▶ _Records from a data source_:
::::::::

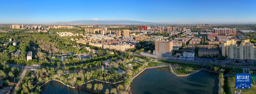 这是2024年5月15日拍摄的新疆生产建设兵团第八师石河子市城区一景(无人机照片)。|原始简陋的地窝子变成了高耸挺立的城市高楼,寸草不生的戈壁荒漠变成了生机勃勃的现代化良田,手拉肩扛的人工劳作变成了科技高效的智能生产……成立70年来,新疆生产建设兵团的变化天翻地覆,各族职工群众的生活蒸蒸日上。|新华社记者 胡虎虎 摄
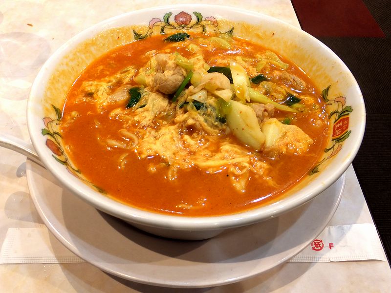 こちらは、私が〆でいただいたもの。壁に貼ってあったポスターだとスープは真っ赤になっていましたが、こちらの実物はオレンジ色とややマイルドな感じ。もっとも、辛さは色じゃわかりませんが、実際にいただいてみても見た目同様それ程辛味は強くなく、個人的ピリ辛程度に感じました。で、その唐辛子の程良い刺激と共にコクのある味が口に広がり、これがなかなか。ベースのスープが何か気になりますね。(少なくとも、アッサリ系ではないような…。)また麺は、細目でウェーブがかったツルツル且つややプラスティッキーな食感のもの。そして具は、豚肉とニラ、ふわふわ卵の他、キャベツが結構入っていました。それにしても、このようなちょっと凝ったラーメンが1杯399円とは、何とも驚異的なお値段という気がします。
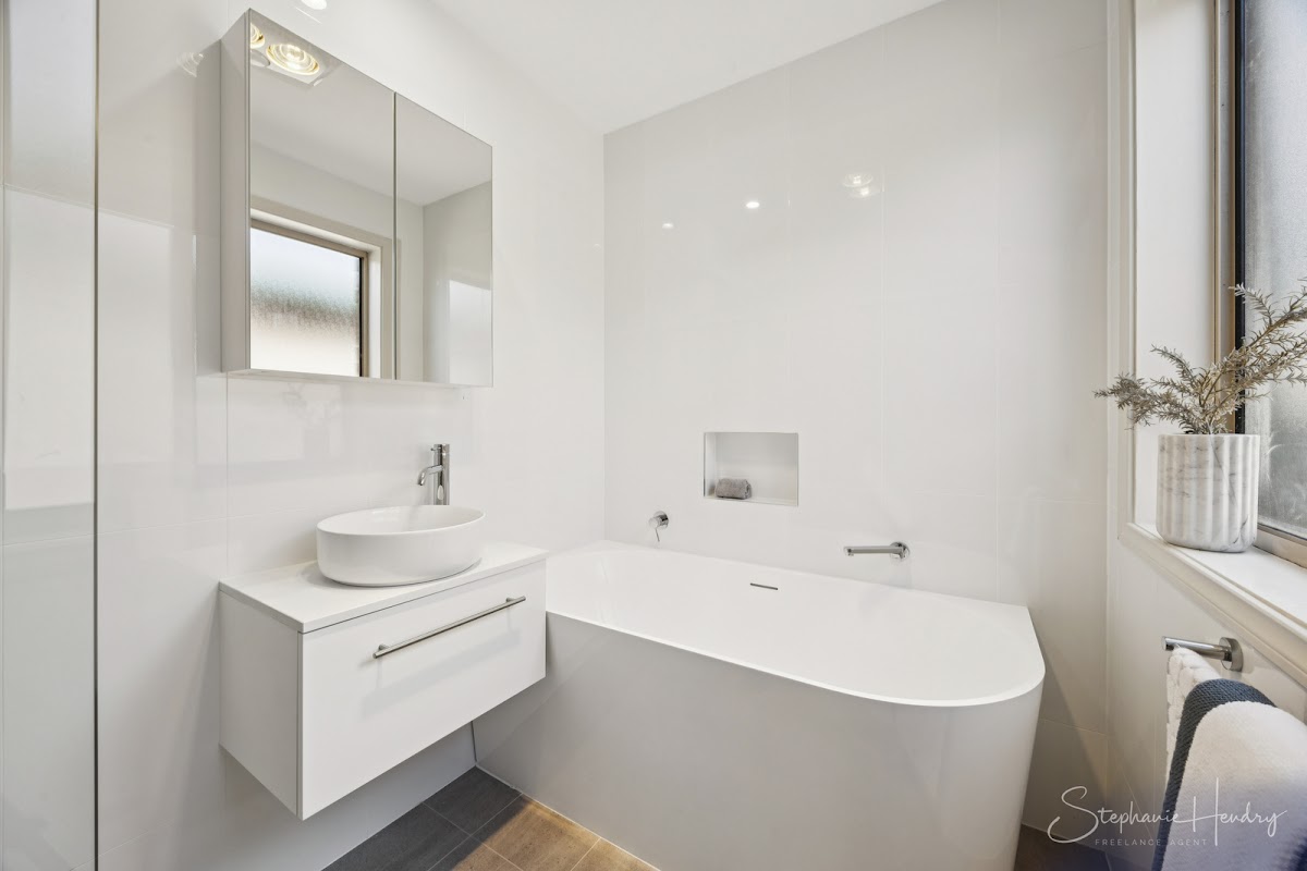 Beautifully newly renovated, modern bathroom with freestanding bath and walk in shower, suspended vanity
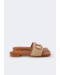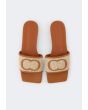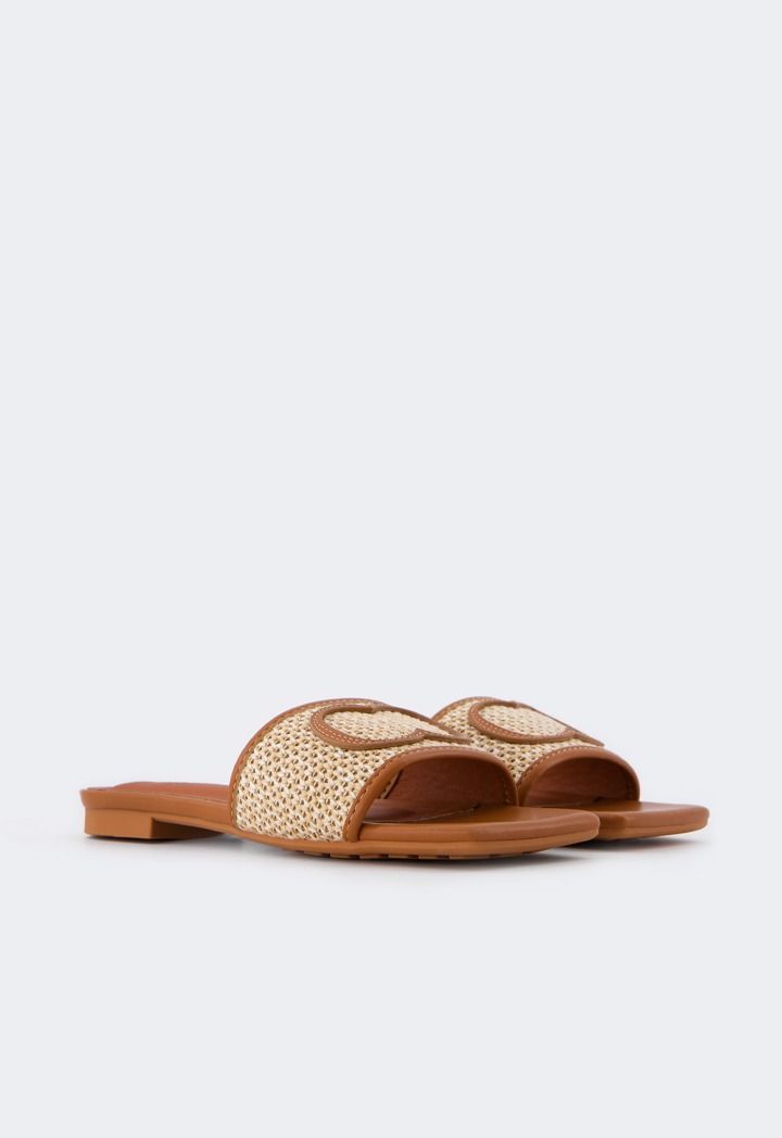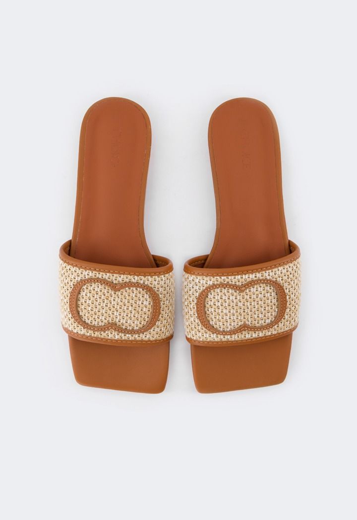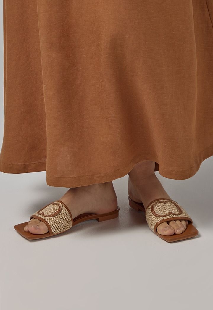 Cover your feet with comfort yet while still looking good, featuring this uniquely intricate faux straw monogram design.
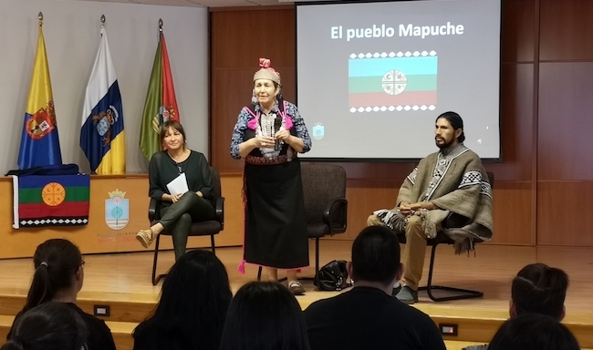 Los líderes del pueblo mapuche Juana Calfunao y Gerardo Chihuaihuén vivieron este viernes un encuentro con más de medio centenar de alumnos y alumnas de los centros de Secundaria Doctoral y José Zerpa, a los que expusieron la amenaza en la que vive esta comunidad indígena compuesta por tres millones de personas de esta cultura que habitan en territorios localizados en la zona sur de Chile y Argentina.
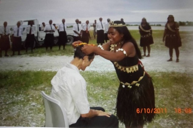 台灣前駐基裡巴斯大使何登煌20日接受自由亞洲電台專訪表示,2011年,他受邀前往基裡巴斯外島BEKIN,受到最崇高的禮遇。(何登煌提供)
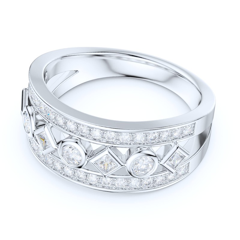 PRSTANI 8mm Wide Solid Sterling Silver Paved Split Shank Simulated Round and Princess Diamonds Bezel Set Ring Wedding Band (10)
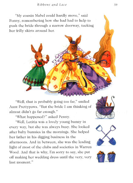 In this charmingly illustrated collection, twelve members of one rabbit family tell different stories that will make your ears wiggle, and if you look carefully you might uncover a carrot or two concealed on every page.When there's snow outside, and all the sensible bunnies are snuggled up in their burrows, they never feel lonely, because bunnies have very big families, and they all have a lot to say...In this charming collection, twelve members of one rabbit family - everyone from the tiniest baby bunny to the oldest great-great-great-grandfather - tell stories that will make your ears wiggle! You can read Great-Uncle Otto's Tale of the Big Bad Bunny, Cousin Hoppity's Tale of the Best Birthday, Baby Honeybun's Tale of the Talking Toy, and many more. Children will love the beautifully detailed artwork - and if you look very carefully, you might uncover a carrot or two concealed on every page. You don't often see a bunny by herself. That is because rabbits like nothing better than being together, huddled up in their warm burrows as one big, happy family. Of course, those burrows can be pretty noisy places, with everyone trying to talk at the same time. Bunnies love to tell stories, and you can read some of them in this book. Do you know what happens when a rabbit eats too much fudge? Or gets too friendly with a fox? Or tries to make a wedding dress at the very last minute? Read this collection of bunny tales and you will soon find out...

::::::::

▶ _What is expected_:
Output the data exactly. Pictures don't belong in the result.

▶ _Written response_:
 这是2024年5月15日拍摄的新疆生产建设兵团第八师石河子市城区一景(无人机照片)。|原始简陋的地窝子变成了高耸挺立的城市高楼,寸草不生的戈壁荒漠变成了生机勃勃的现代化良田,手拉肩扛的人工劳作变成了科技高效的智能生产……成立70年来,新疆生产建设兵团的变化天翻地覆,各族职工群众的生活蒸蒸日上。|新华社记者 胡虎虎 摄
 こちらは、私が〆でいただいたもの。壁に貼ってあったポスターだとスープは真っ赤になっていましたが、こちらの実物はオレンジ色とややマイルドな感じ。もっとも、辛さは色じゃわかりませんが、実際にいただいてみても見た目同様それ程辛味は強くなく、個人的ピリ辛程度に感じました。で、その唐辛子の程良い刺激と共にコクのある味が口に広がり、これがなかなか。ベースのスープが何か気になりますね。(少なくとも、アッサリ系ではないような…。)また麺は、細目でウェーブがかったツルツル且つややプラスティッキーな食感のもの。そして具は、豚肉とニラ、ふわふわ卵の他、キャベツが結構入っていました。それにしても、このようなちょっと凝ったラーメンが1杯399円とは、何とも驚異的なお値段という気がします。
 Beautifully newly renovated, modern bathroom with freestanding bath and walk in shower, suspended vanity
 Cover your feet with comfort yet while still looking good, featuring this uniquely intricate faux straw monogram design.
 Los líderes del pueblo mapuche Juana Calfunao y Gerardo Chihuaihuén vivieron este viernes un encuentro con más de medio centenar de alumnos y alumnas de los centros de Secundaria Doctoral y José Zerpa, a los que expusieron la amenaza en la que vive esta comunidad indígena compuesta por tres millones de personas de esta cultura que habitan en territorios localizados en la zona sur de Chile y Argentina.
 台灣前駐基裡巴斯大使何登煌20日接受自由亞洲電台專訪表示,2011年,他受邀前往基裡巴斯外島BEKIN,受到最崇高的禮遇。(何登煌提供)
 PRSTANI 8mm Wide Solid Sterling Silver Paved Split Shank Simulated Round and Princess Diamonds Bezel Set Ring Wedding Band (10)
 In this charmingly illustrated collection, twelve members of one rabbit family tell different stories that will make your ears wiggle, and if you look carefully you might uncover a carrot or two concealed on every page.When there's snow outside, and all the sensible bunnies are snuggled up in their burrows, they never feel lonely, because bunnies have very big families, and they all have a lot to say...In this charming collection, twelve members of one rabbit family - everyone from the tiniest baby bunny to the oldest great-great-great-grandfather - tell stories that will make your ears wiggle! You can read Great-Uncle Otto's Tale of the Big Bad Bunny, Cousin Hoppity's Tale of the Best Birthday, Baby Honeybun's Tale of the Talking Toy, and many more. Children will love the beautifully detailed artwork - and if you look very carefully, you might uncover a carrot or two concealed on every page. You don't often see a bunny by herself. That is because rabbits like nothing better than being together, huddled up in their warm burrows as one big, happy family. Of course, those burrows can be pretty noisy places, with everyone trying to talk at the same time. Bunnies love to tell stories, and you can read some of them in this book. Do you know what happens when a rabbit eats too much fudge? Or gets too friendly with a fox? Or tries to make a wedding dress at the very last minute? Read this collection of bunny tales and you will soon find out...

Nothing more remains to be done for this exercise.